Introduction: the ICM

The space among galaxies is not as empty.

Astrophysical evidences of the Intracluster Medium (ICM) and the Intergalactic Medium (IGM).

ICM: Intense X-ray diffuse emission.

Emission lines from ionized iron.

Chemical abundances in the ICM.

Temperature of the hot gas in the galaxy clusters halos.

Importance of studying the ICM

In rich clusters the hot intracluster medium is the dominant, luminous component of the mass.

Studies of the ICM yield information on a rich variety of phenomena.

  • Evolution of clusters.
  • Mapping the structure and mass distribution of clusters.
  • Role of the central galaxy.
  • Trace large scale structure.

Gas mass in galaxy clusters

ICM mass to the stellar mass is plotted against the temperature of the gas. Credit: David et al. (1988).

ICM mass to the stellar mass is plotted against the temperature of the gas. Credit: David et al. (1988).


Cluster merger: spatial distribution of the ICM

Distribution of hot gas (blue) and cool gas (red) in massive galaxy cluster MACSJ0717. Credit: NASA/Chandra.

Distribution of hot gas (blue) and cool gas (red) in massive galaxy cluster MACSJ0717. Credit: NASA/Chandra.


X-ray luminosities

The ICM behaves as a fully ionized plasma at temperature of about 7 keV.

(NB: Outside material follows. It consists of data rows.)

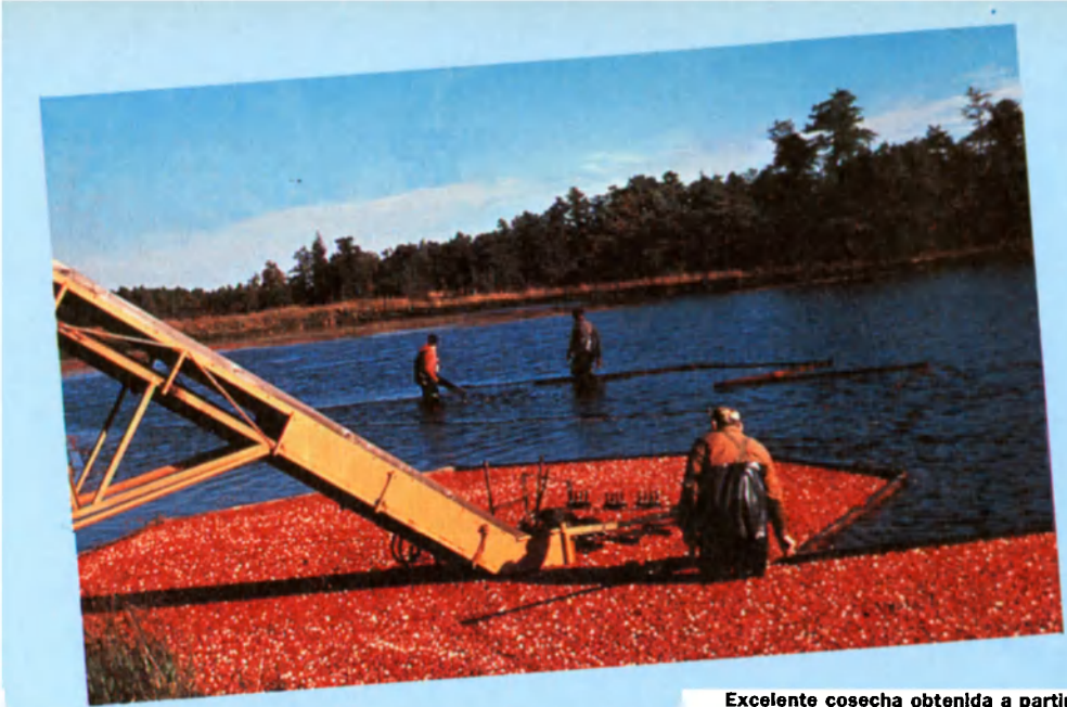
Excelente cosecha obtenida a partir de variedades mejoradas de arándanos silvestres, especie protegida en la reserva de biosfera de la llanura costera sudatlántica, en Estados Unidos.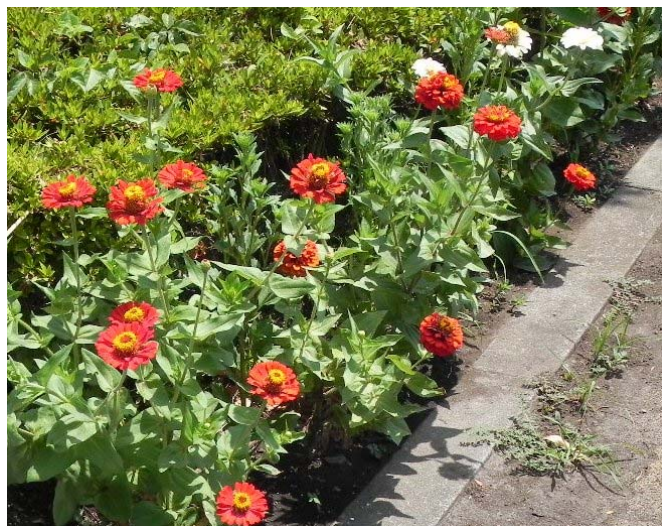
タネから大きく育った百日草(昨年8月撮影)

具体的には、 ①タネを播く花の種類を決める、②タネや必要な資材を購入する、(以前のフェスティバルで集まった募金を使います。) ③8月の活動日にタネを播く、④10月までファンクラブのみんなで育てる、 となります。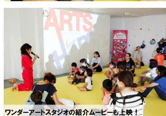
ワンダーアートスタジオの紹介ムービーも上映！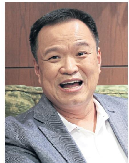
Anutin: Eyeing Pheu Thai defectors

Last month the premier exercised the all-powerful Section 44 at his disposal to address parties' fears about not being able to meet the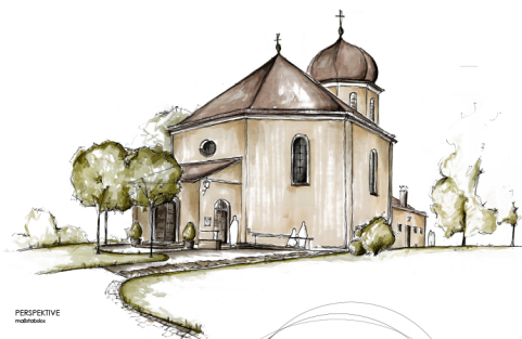
PERSPektIVE mit Maßstab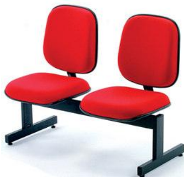
Imagem meramente ilustrativa para referência de design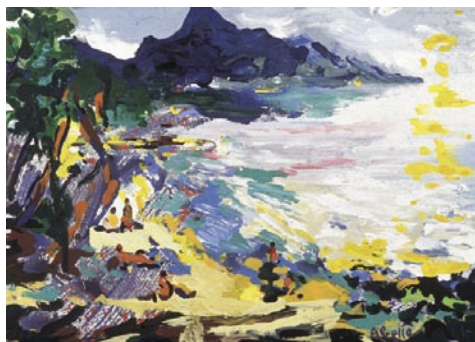
Bali Hay Plage, Hoahine. 1995 Pigments naturals sobre fusta. 38 x 46 cm.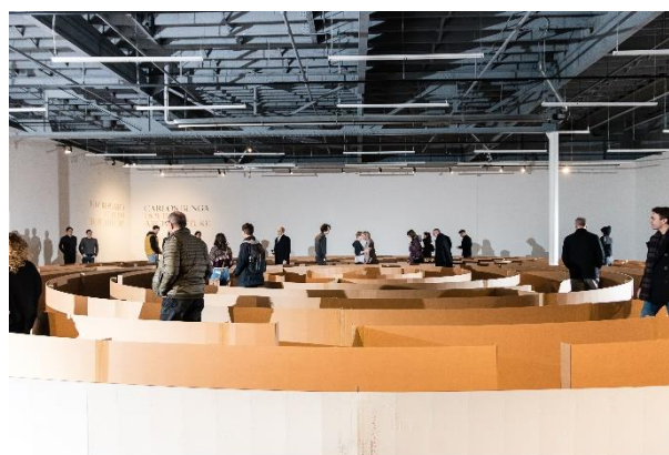
CARLOS BUNGA Doubled Architecture Instalación en MOCAD, Detroit, 2018 Cartón, cinta, pintura látex y pegamento

El programa expositivo arranca con De Posada a Isotype, de Kollwitz a Catlett , que, a partir del 22 de marzo , mostrará al público la evolución de diferentes medios gráficos como el grabado en madera, el linóleo y la litografía y su uso con fines políticos en la primera mitad del siglo XX. Comisariada por el prestigioso historiador Benjamin H.D. Buchloh, la muestra abordará los casos de artistas como el mexicano José Guadalupe Posada y la alemana Käthe Kollwitz, así como las iniciativas emprendidas por el expresionismo alemán -con artistas tales como Otto Dix, Max Beckmann y George Grosz- el Taller de Gráfica Popular de México, o el proyecto Isotype de Otto Neurath, Marie Reidemeister y Gerd Arntz.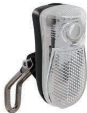
YC 106F / 电池前位置灯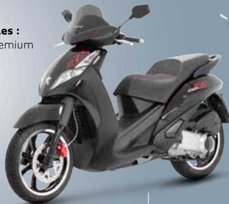
Noir Nacré / Noir Mat (NK) 125 • 300 • 400

versions disponibles : 125 - 300 - 400 Premium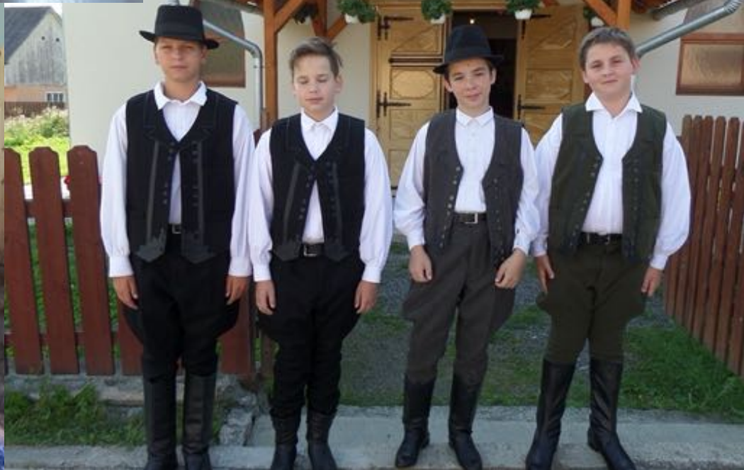
2018. augusztus 1-6. - Vörösvári delegáció a Borszéki Napokon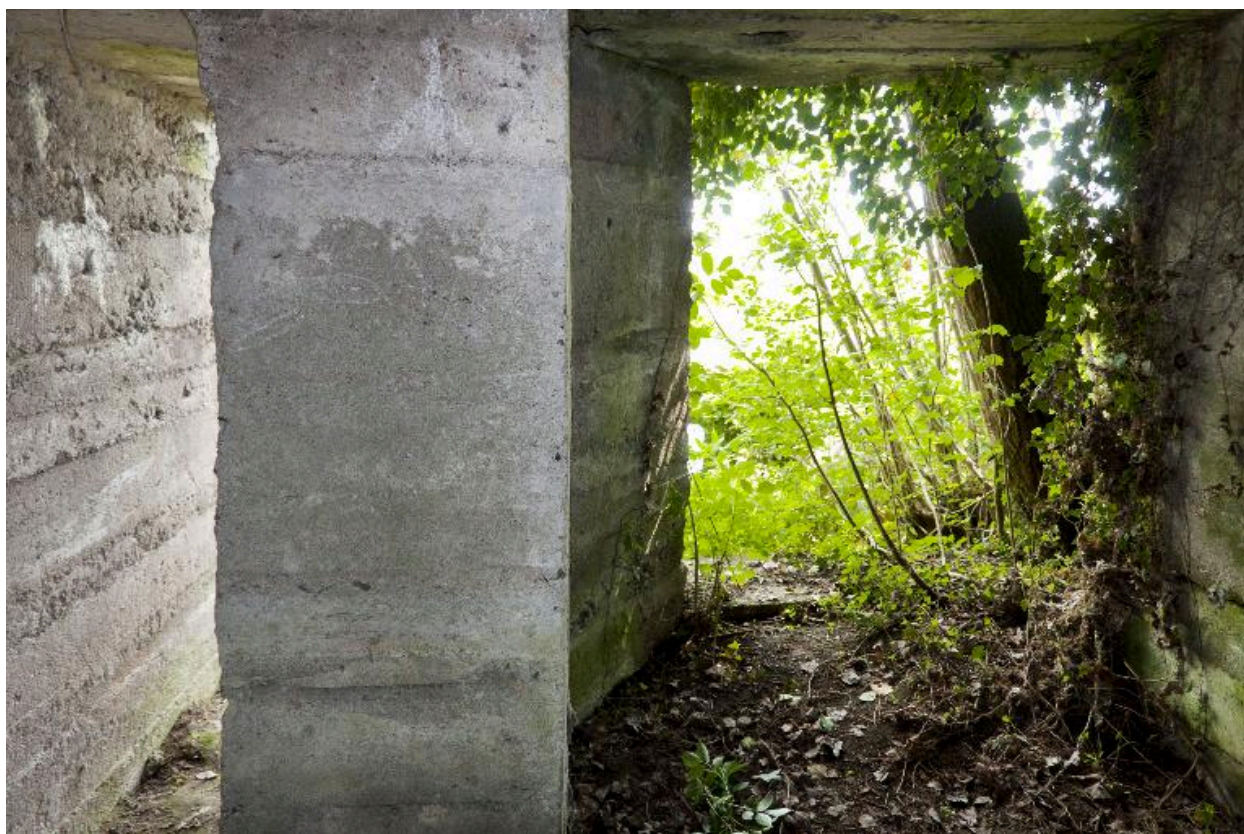
Salle sud, vers les deux entrées

Emissivity dominated by thermal bremsstrahlung.

The emissivity at frequency \nu:

\epsilon_{\nu}  \propto n_e n_i \, g(\nu, T) \, T^{-1/2} \, {\rm exp} \left(-\frac{h \nu}{k_B T} \right)

n_e and n_i: number density of electrons and ions.

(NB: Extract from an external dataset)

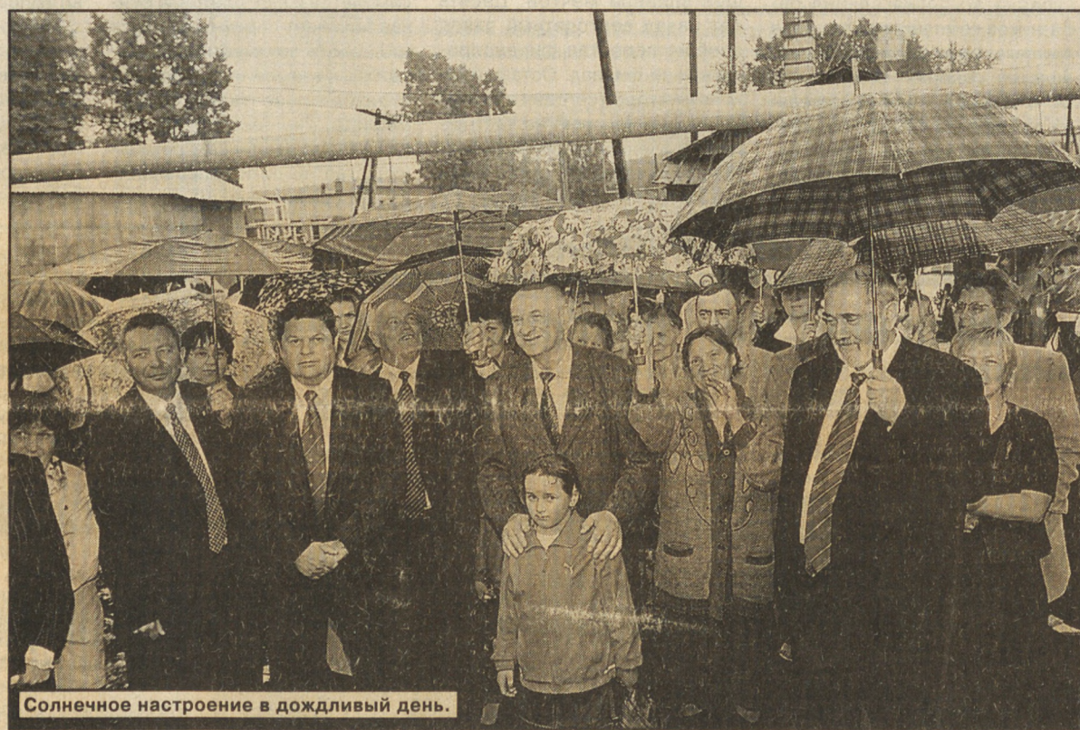
Солнечное настроение в дождливый день.

Очень удобно для селян то, что теперь на месте можно сдать все первичные анализы, проверят медики ОВП и уровень сахара в крови, снимут кардиограмму. Предусмотрен дневной стационар — в случае необходимости все процедуры тут же проведут. Для докторов же важно, что есть возможность неплохо зарабатывать — до 10-15 тысяч рублей. Но размер зарплаты будет зависеть от того, насколько активно ведутся профилактическая работа и наблюдение за хроническими

g(\nu, T ) \propto {\rm ln}(kBT/h\nu): Gaunt factor.

Approximation for T  > 3 keV clusters.

By integrating, the X-ray luminosity:

L_ X \sim  10^{43} - 10^{45} \, {\rm erg/s}

Application to X-ray surveys.

Scaling relation for galaxy clusters

By assuming that the ICM gas has the same dynamics as galaxies, the typical ICM temperature

k_B \, T \simeq \mu \, m_p\, \sigma_v^2 \simeq 6 \, \left( \frac{\sigma_v}{10^3 \, {\rm km/s}} \right)^2 \, {\rm keV} \, ,

m_p: proton mass

\mu : the mean molecular weight

\mu = 0.6 (for a primordial composition)

Scaling relation for nearby and distant clusters and outliers.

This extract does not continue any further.